Victoria University of Wellington Law Review, Vol. 39, p. 497, 2008
36 Pages Posted: 31 May 2009
Date Written: 2008
This essay explores elements of New Zealand legal history in light of recent historiography on the nature of British colonial government and settler politics. In early colonial politics, decisions about lower court jurisdiction often reflected competing ideas about the relationship between different parts and functions of government. In particular, court structure and jurisdiction could be seen as have important implications for the role and power of the governor. Appreciating the importance of jurisdiction as a way of defining, and arguing about, the distribution and exercise of political and legal authority in the colonial constitution allows connections to be drawn between different elements of settler politics in the 1840s and 1850s.
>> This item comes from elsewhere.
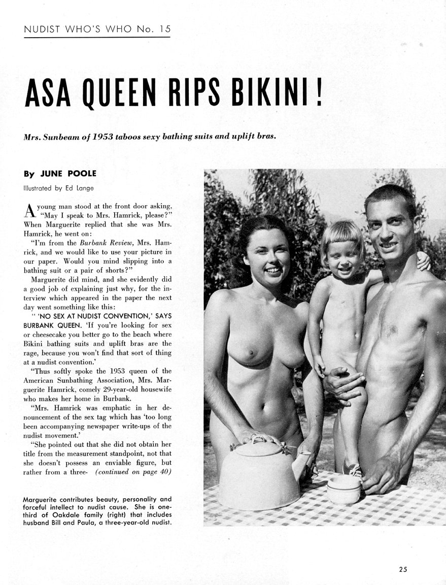 1953 wurde sie zur „Königin” der American Sunbathing Association (ASA) gekürt.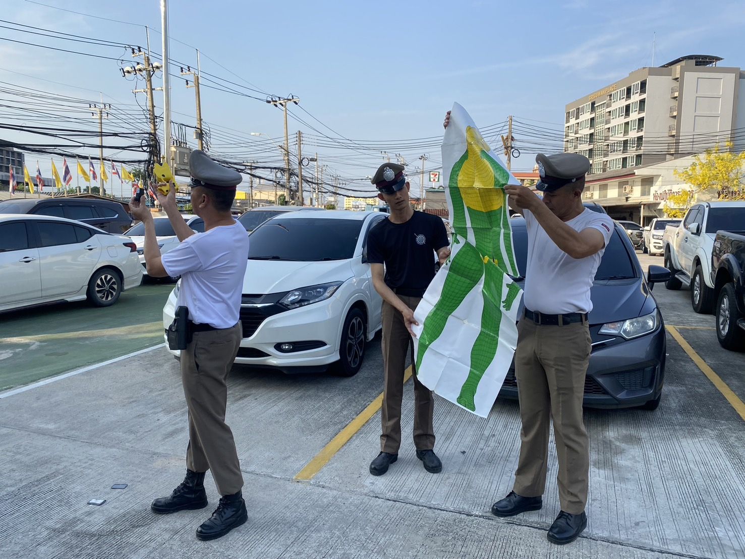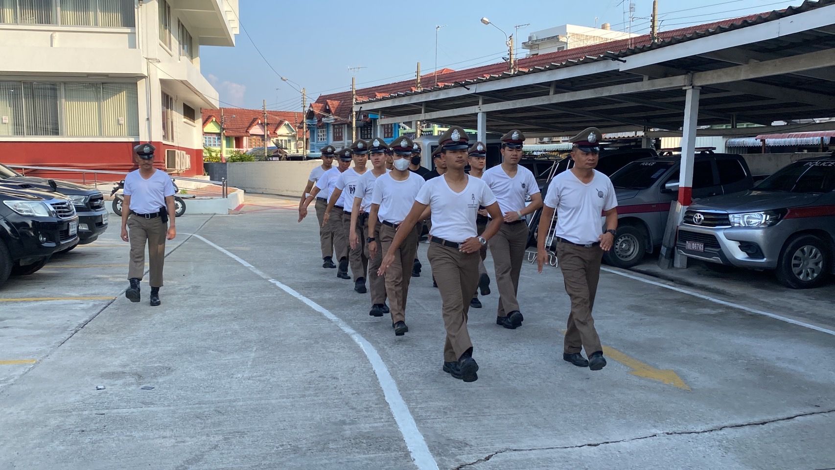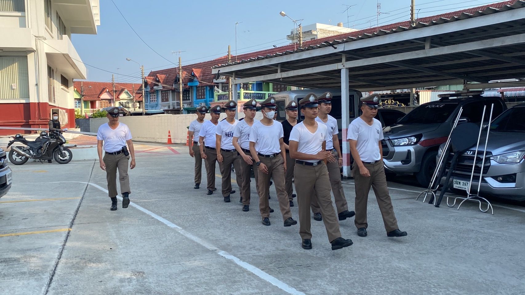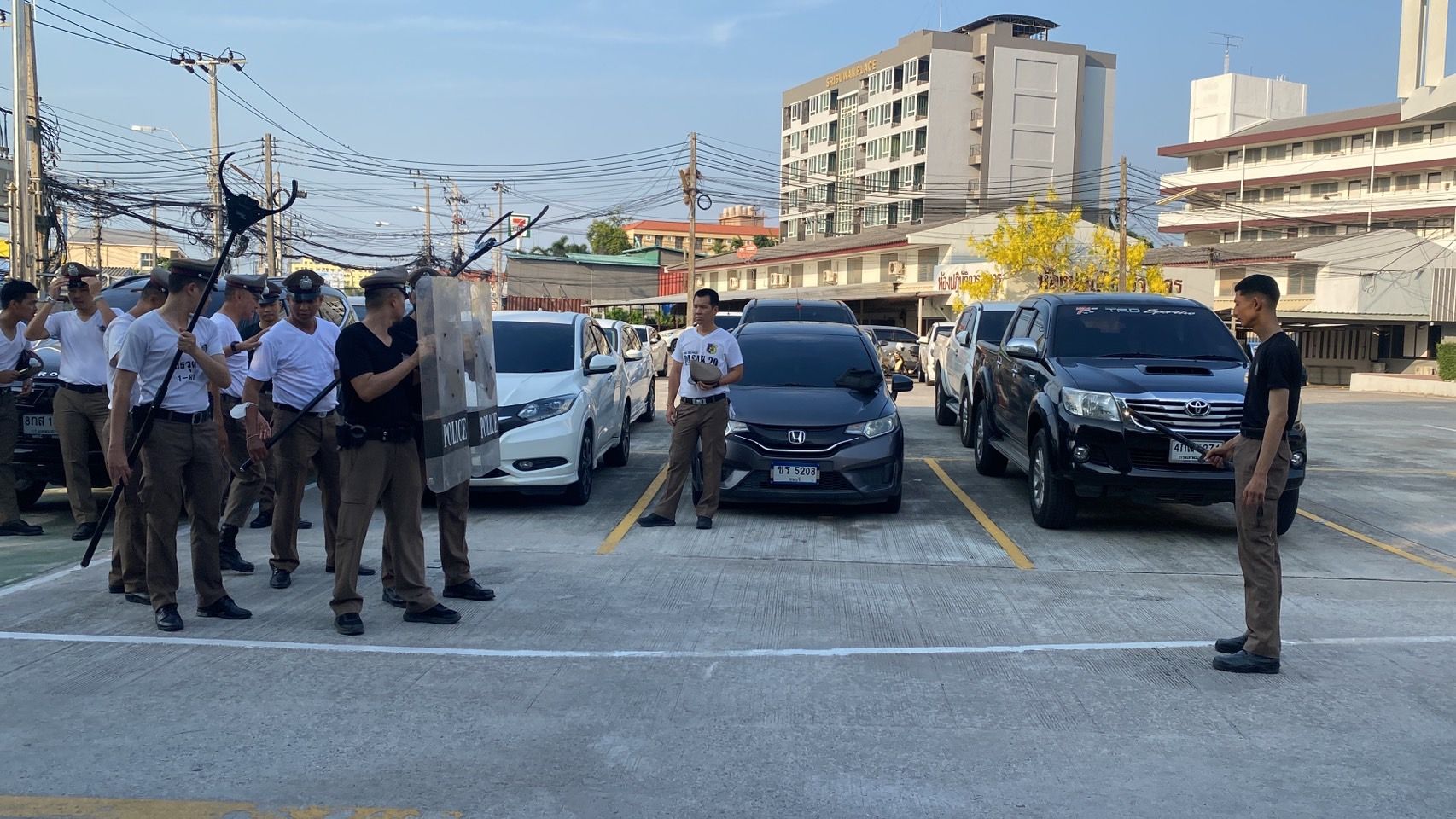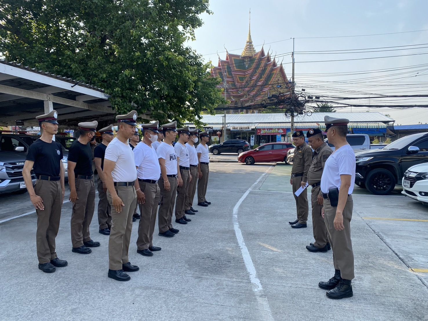 สถานที่ทำการฝึกแถว ลานฝึกหน้า สภ.บางเสาธง

The closing of the Court of Requests by Governor Grey in 1848, and the decisions of the Supreme Court judges in subsequent litigation, provide examples of this. Debate over the role of the governor in emerging systems of representative and responsible government after 1852 contributed to civil jurisdiction remaining politically significant, particularly in relation to Maori. This is shown by considering parliamentary debates over the Stafford government’s 1858 proposals for resident magistrates’ jurisdiction over “native districts”. The politics of jurisdiction were part of wider contests about the establishment and consolidation of particular political and institutional relationships within the colonial constitution. This multi-faceted construction of government authority suggests a need to reconsider elements of Pakeha [European settler] colonial politics and law.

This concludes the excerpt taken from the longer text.